Included code sections – 6.2.1(1)(partial), 6.2.1(2), 6.2.1(3), 6.2.1(4), 6.2.1(5), 6.2.1(6), 6.2.1(7), 6.2.2(1), 6.2.2(2), 6.2.2(5), 6.2.3(1), 6.2.3(2), 6.2.3(3), 6.2.3(6)

Excluded code sections – 6.2.1(1)(partial), 6.2.1(8), 6.2.1(9), 6.2.2(3), 6.2.2(4), 6.2.2(6), 6.2.2(7), 6.2.3(4), 6.2.3(5), 6.2.3(7), 6.2.3(8), 6.2.4 (all), 6.2.5 (all)

See Concrete "Core" Determination for calculation of b.

V_Rd,c is calculated using equation 6.2. For PT members uncracked in bending only equation 6.4 is used. For PT members that are cracked in bending, the minimum of equation 6.2 and 6.4 is used.

Longitudinal untensioned tension reinforcement designed in Pass 1 and, if the member is PT, the area of bonded tendons in the tension zone is included in the determination of A_sl used in the calculation of V_Rd,c.

b_w,nom is the width of the shear core, less the width of the tendon ducts in accordance with 6.2.3(6). Bonded tendons are considered to be grouted metal ducts. Any bonded ducts with diameter less than or equal to b_w/8 are not considered in the deduction. b_w,nom is used in all shear calculations, including ρ _w

For cross sections with multiple concrete mixes, the minimum f_ck is used.
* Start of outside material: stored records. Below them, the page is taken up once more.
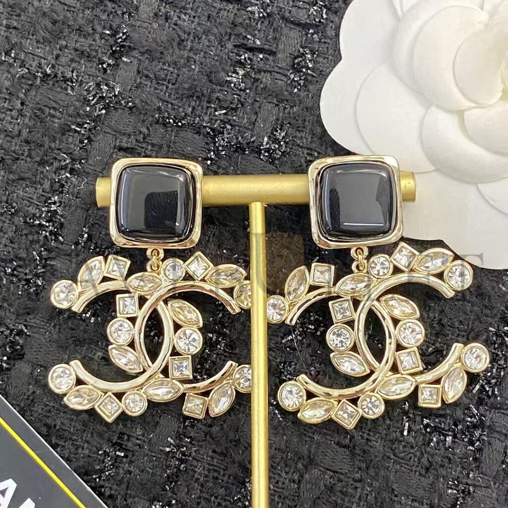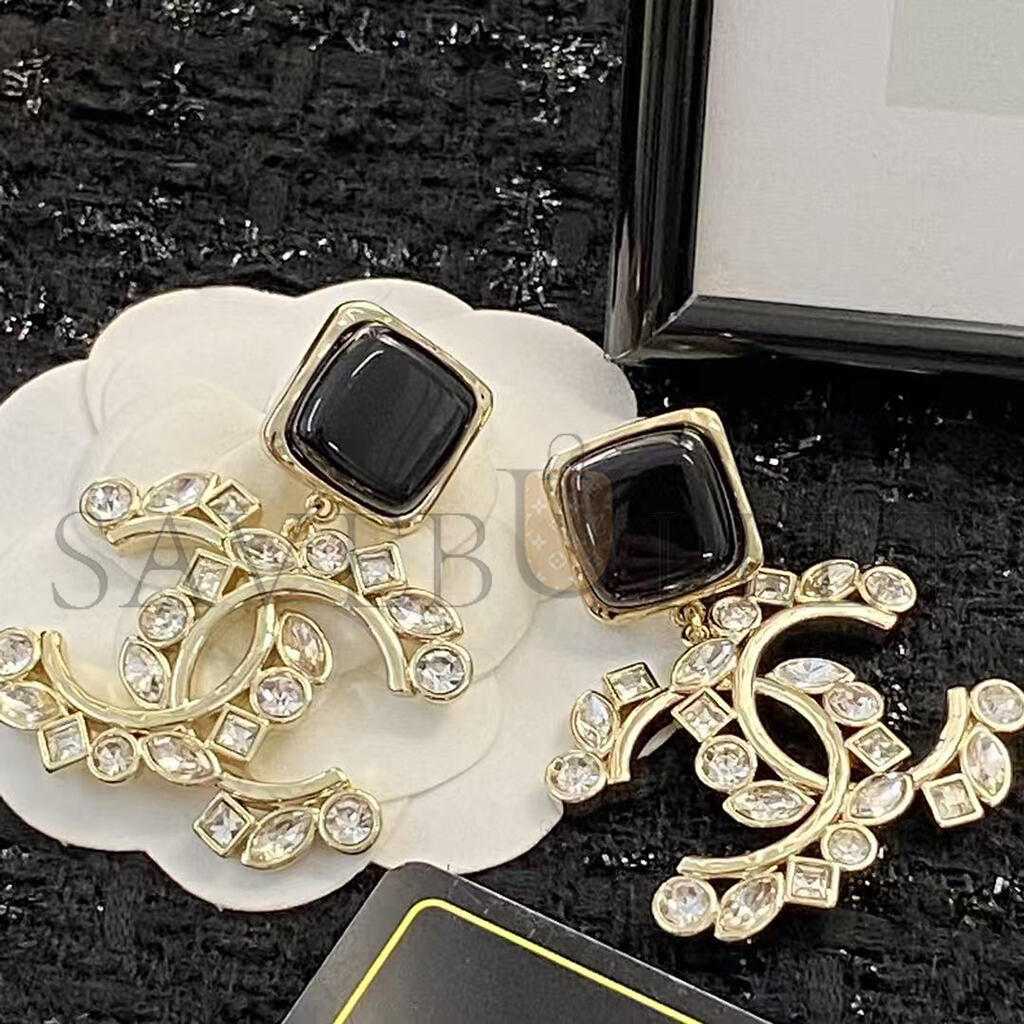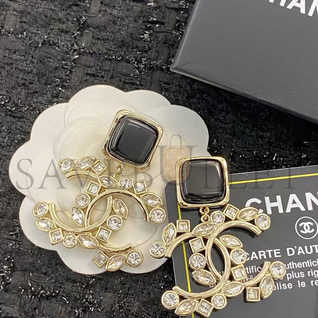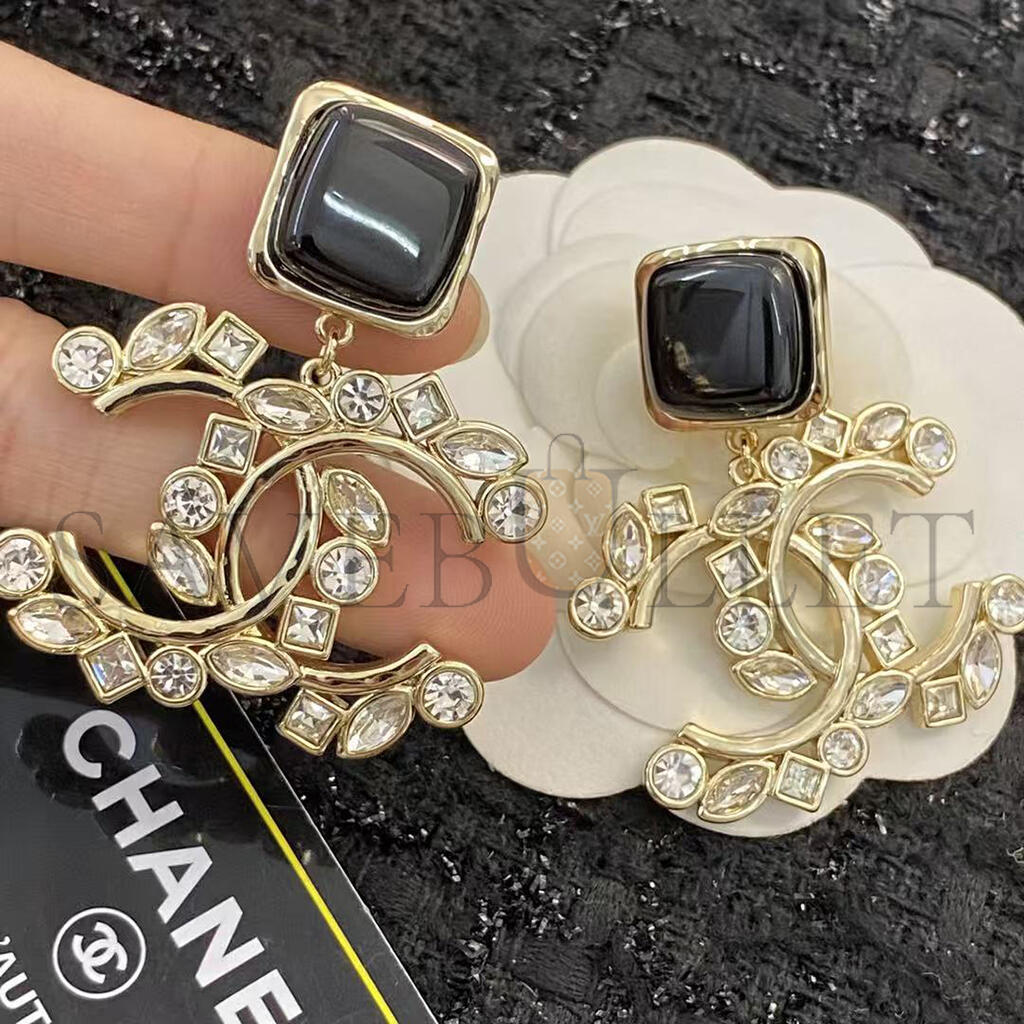 CHANEL 23P PENDANT GOLD CRYSTAL BLACK CC LOGO XL STATEMENT STUD DROP EARRINGS
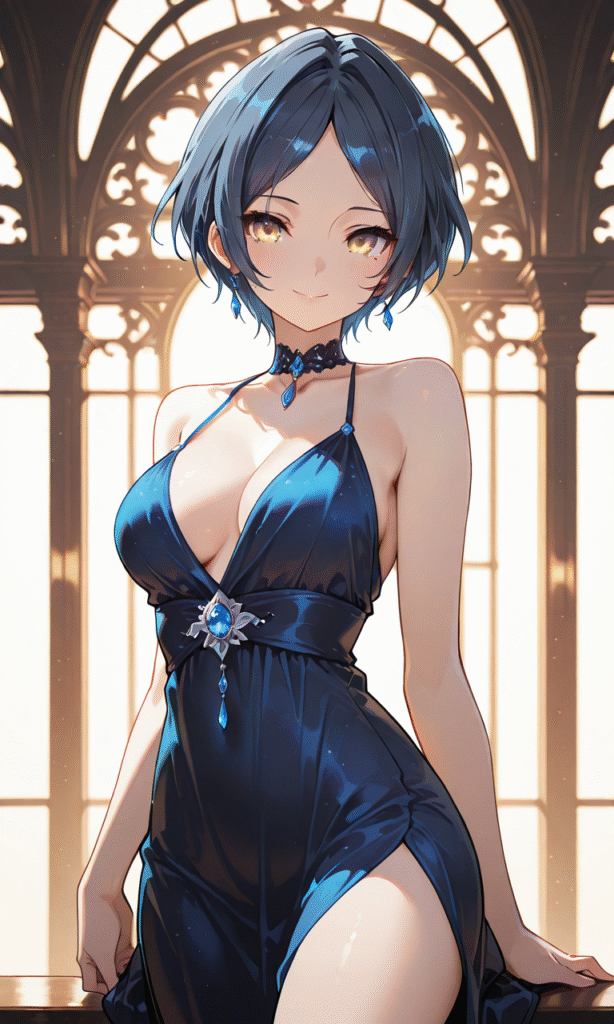 hayami kanade, smile,evening gown. cowboy shot,simplebackground,white background, masterpiece,high quality, high resolution,tokiame,hyper-detailed, high contrast, depth of field, ray tracing, best lighting, cinematic composition, beautiful face, beautiful eyes, sharp focus, (masterpiece:1.2), (best quality:1.2), (very aesthetic:1.2), (absurdres:1.2), (detailed background),
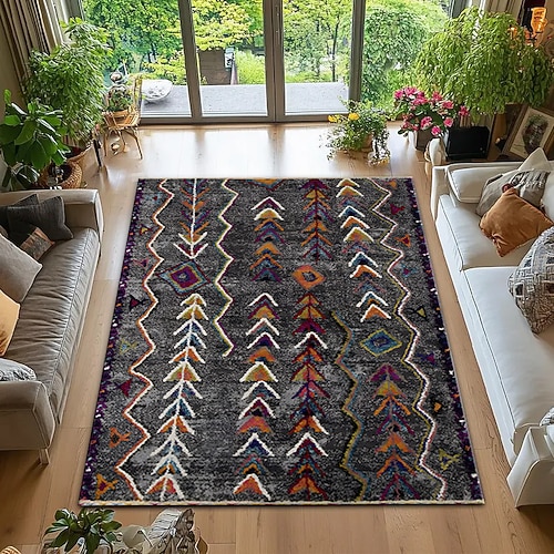 tappeto in stile tribale bohémien, tappeto da soggiorno in stile country americano, design a copertura totale, resistente alle macchie, motivo per camera da letto, arredamento per la casa
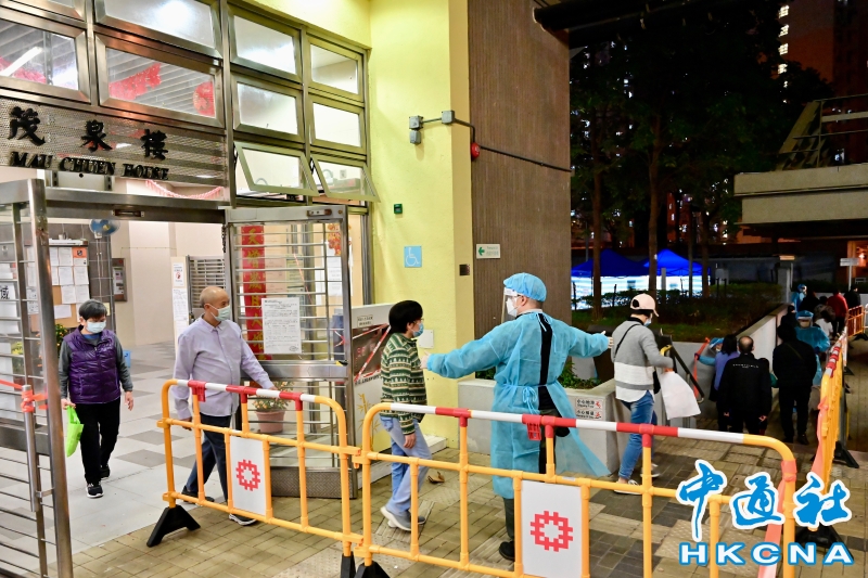 •   受到疫情個案影響,香港特區政府2月13日晚將沙田水泉澳邨茂泉樓列為“受限區域”,13日早上10時半完成強制檢測行動,當中發現8宗初步陽性個案。 香港中通社圖片

The effective depth is determined by a cracked section analysis using the bending moment and axial force in place at time of the shear being investigated. The effective depth is calculated as the distance from the compression most face to the resultant tension force. For cross sections with no reinforcement in tension, a "column style" effective depth is determined from the compression most face to the maximum depth of any reinforcement.

When the maximize effective depth option is used the effective depth is first calculated utilizing all reinforcement in the cross section. A subsequent calculation is then carried out utilizing only the reinforcement in the 1/4 depth of the cross section nearest the tension most face, and ignoring any post-tensioning. The effective depth is taken as the maximum of the two calculations. A check is carried out for the latter calculation that there is enough reinforcement to resist the tension chord of a shear truss considering only the flexural moment and shear. If this check fails the results of the latter calculation are not used.

If the member is declared PT, the primary axial force contribution to σ _cp in the calculation of equation 6.2.a, 6.2.b, and 6.4 is multiplied by γ _P,fav . The primary axial force contribution to σ _cp used in equation 6.11 is multiplied by either γ _P,fav or γ _P,unfav , whichever results in the lowest value of α _cw .

The "shift rule" required by 6.2.2(5) and 9.2.1.3 is performed for all members (with and without shear reinforcement) by attempting to extend the reinforcement beyond the required development length by 1.125 times the effective depth. This is calculated using eq. 9.2 and using z = 0.9d and cot θ = 2.5. Additional tension reinforcement in accordance with 6.2.3(7) is assumed to be accounted for using this provision. In normal circumstances, this will be the case because the horizontal shift required by 6.2.2(5) is related to the magnitude of the vertical shift performed according to 6.2.3(7).

In all beams at least minimum links will be provided.

Links are provided in accordance with 6.2.3 and 9.2.2. The angle is calculated as the minimum value that can satisfy the requirement that V_Ed ≤ V_Rd,max , within the range specified in 6.2.3(2).

Minimum density of shear reinforcement is determined in accordance with 9.2.2(5).

Maximum shear reinforcement spacing along the span is determined by 9.2.2(6).

The shear reinforcement spacing across the span is not considered.

Bent up bars and regions close to supports are not considered.

Net axial force is considered if the Consider Net Axial… checkbox is checked.